第243話 フェン公国の流行り事情

 レストランの奥の、個室を貸し切りにしてある。

 倍の人数でも入れるくらい広い。四人掛けの丸いテーブルが幾つも並んでいて、パーティー会場さながらだ。

 私はサンドウィッチとサラダを頼んだ。スープはミネストローネ。他の皆も料理を選び、ベリアルはお酒とチーズだけを注文した。

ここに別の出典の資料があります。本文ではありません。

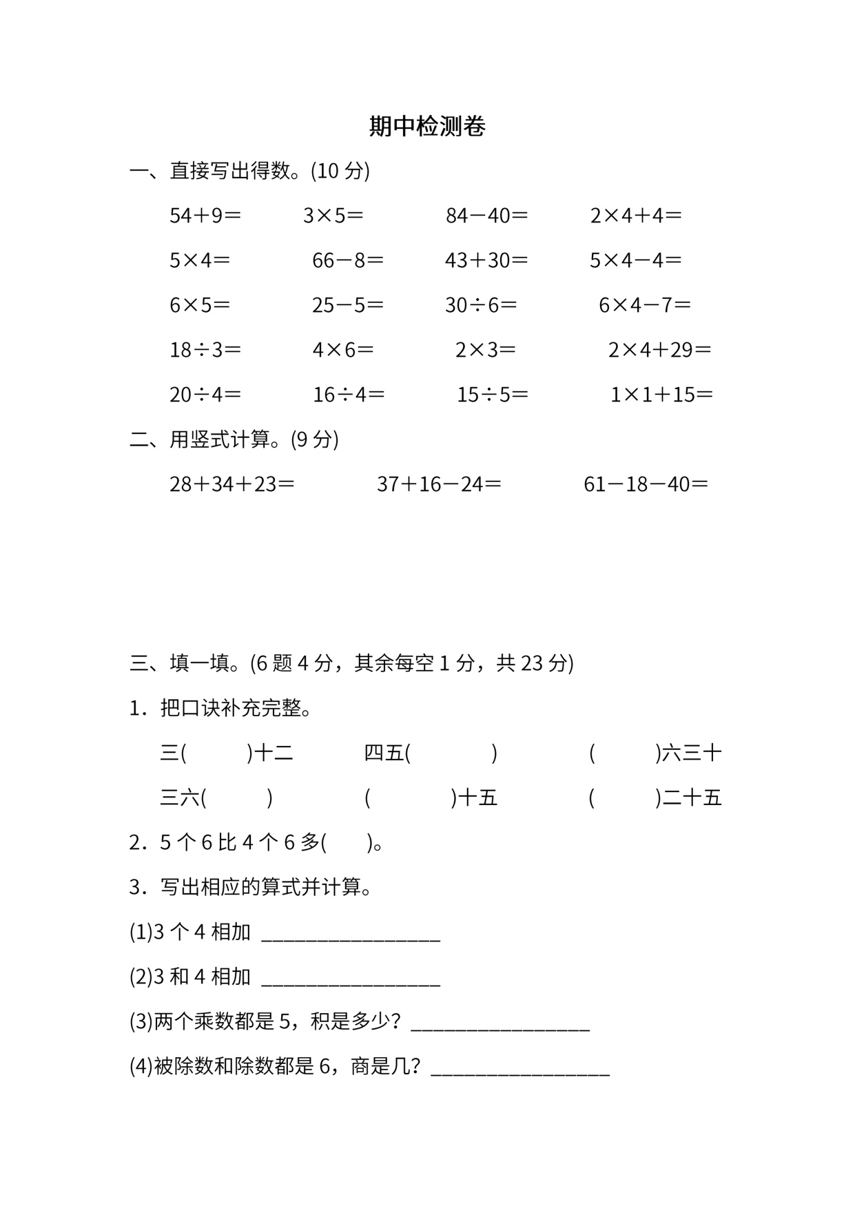 苏教版数学二年级(上册)期中考试测试卷试题(含答案) 资料为PDF格式,请下载后使用相应软件打开。

「紋章官というのはね、紋章を覚えて、戦時に敵側の、どの家の誰が来たと告げる役目を担うんだ。平時は新しい紋章を認可して記録したり、他国の分も覚えたり。紋章にまつわる、管理監督をするね」

 エクヴァルが説明してくれた。国王陛下が任命する、少数のエリートだとか。マティアスお兄さんは、エクヴァルが自分の仕事に興味を持っていてくれたのが嬉しいらしく、笑顔で続きを話してくれる。

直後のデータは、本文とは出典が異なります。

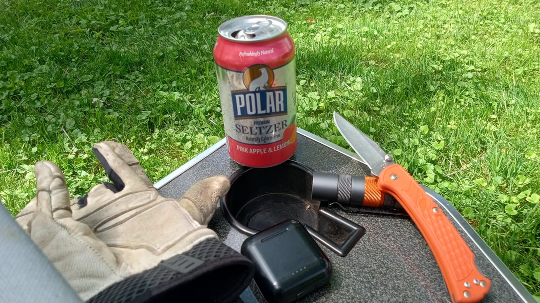 Cheap leather work gloves, Polar sparkling water, Tozo Earbuds, Buck 112 slim select, and convoy s2+ sft40 6500k (bright enough for daytime)

「停戦の交渉なんかもするから、他国とのパイプも必要なんだ。さすがにこんな遠い国は関係ないけどね、どんな紋章があるかとか、気になって。せっかくだし、一緒に来たんだよ」

「その程度のことで国を空けられても困りますね」

「ご、ごめん……」

 冷たいエクヴァルに、お兄さんが謝っている。お兄さんを応援してあげたい。


「で、でも何年もマティアス様が出陣なさるような戦争はありませんでしたわ! それに他国の知識を学ぶのも、きっとお役に立ちますもの!」

「エクヴァルも、お兄さん達はわざわざ遠くまで旅しているんだから。暖かく迎え入れてあげようよ」

「……まあねえ……」

 どうもまだ、複雑な思いがあるようだ。男同士の兄弟も難しいのね。

「そうだ。君、例のものを」

 お兄さんが入り口側の席に座る人に告げると、すぐに紙袋を持って立ち上がる。

 なんだろう、お土産とか?


 男性はエクヴァルとリニの間に立って、紙袋を手渡した。

「どうぞ」

「リニにプレゼントだよ。私の新しい妹! お菓子だけど、気に入ってくれるかな? でもレナントの家で会えなかったから、すぐに食べないといけないものは私達で食べてしまったんだ。ごめんね」

「わ……私?」

 リニがおずおずと手を出した。皆リニを妹にしたがるね!

 以前エグドアルムへ戻った時、私がリニを『エクヴァルの妹みたい』と言って、エクヴァルが嬉しいねと答えた。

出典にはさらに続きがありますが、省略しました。